I can remember our family Keycamp holiday in France, a hundred degrees, me at eight chaining Calippos in my minibikini, my sister, Reena, at thirteen head-to-toe in black and wincing through cups of bitter coffee, trying to impress the pool boy with the 750 Suzuki. I can remember him offering her a ride to the beach on the pillion seat, and Dad’s face turning from brown to purple at the very idea. I can remember the sirens blaring past the caravan site when he roared off on it alone and died under a farm truck.
I can remember my first day at school, screaming for my mum while the other kids stared at me blankly, and I can remember my last day, laughing off my A-level results and wondering how I was going to break the news at home.
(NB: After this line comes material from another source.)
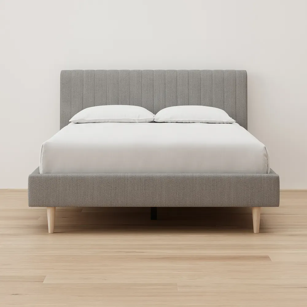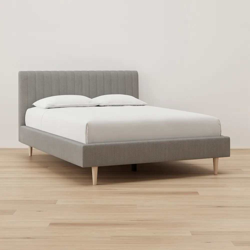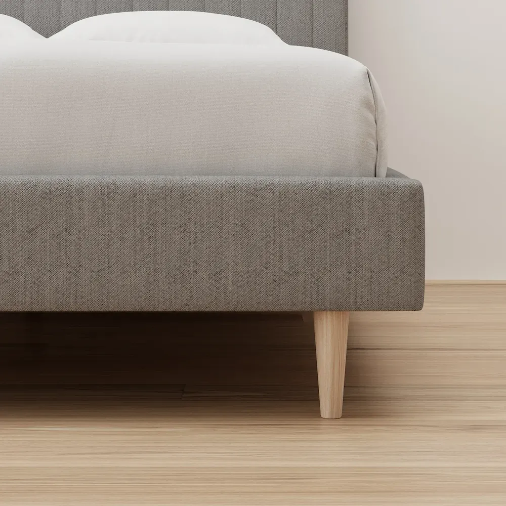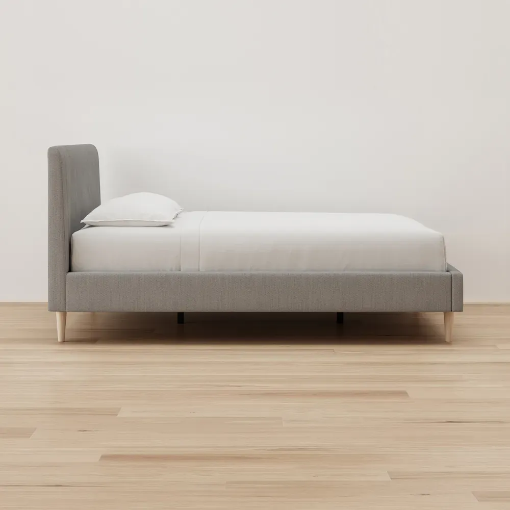 Upgrade your bedroom with The Claremont Bed Frame, which features a plush padded headboard, sleek midcentury style, and soft upholstery — no box spring needed.

I can remember all of my first days as a police officer: my first day of training, my first as a probationer on the beat, my first dead body, my first arrest of a blushing teenage shoplifter who didn’t run, struggle or even argue but just sat sadly in the back of the car, crying over the trouble he was in. I can remember my first day as a detective, my first incident room, my first postmortem. And, clearest of all, I can remember the first time I knew I was going to die.
* * *
It was 10:25, Tuesday morning, nine weeks ago. Twenty-six degrees C and pouring with rain. I was standing in the car park behind the constabulary’s headquarters, watching it bounce off the tarmac and soak through the canvas of my shoes. I was wearing a twenty-year-old pac-a-mac from The Gap, which in the heat was keeping me as wet inside my clothes as out. I was confused.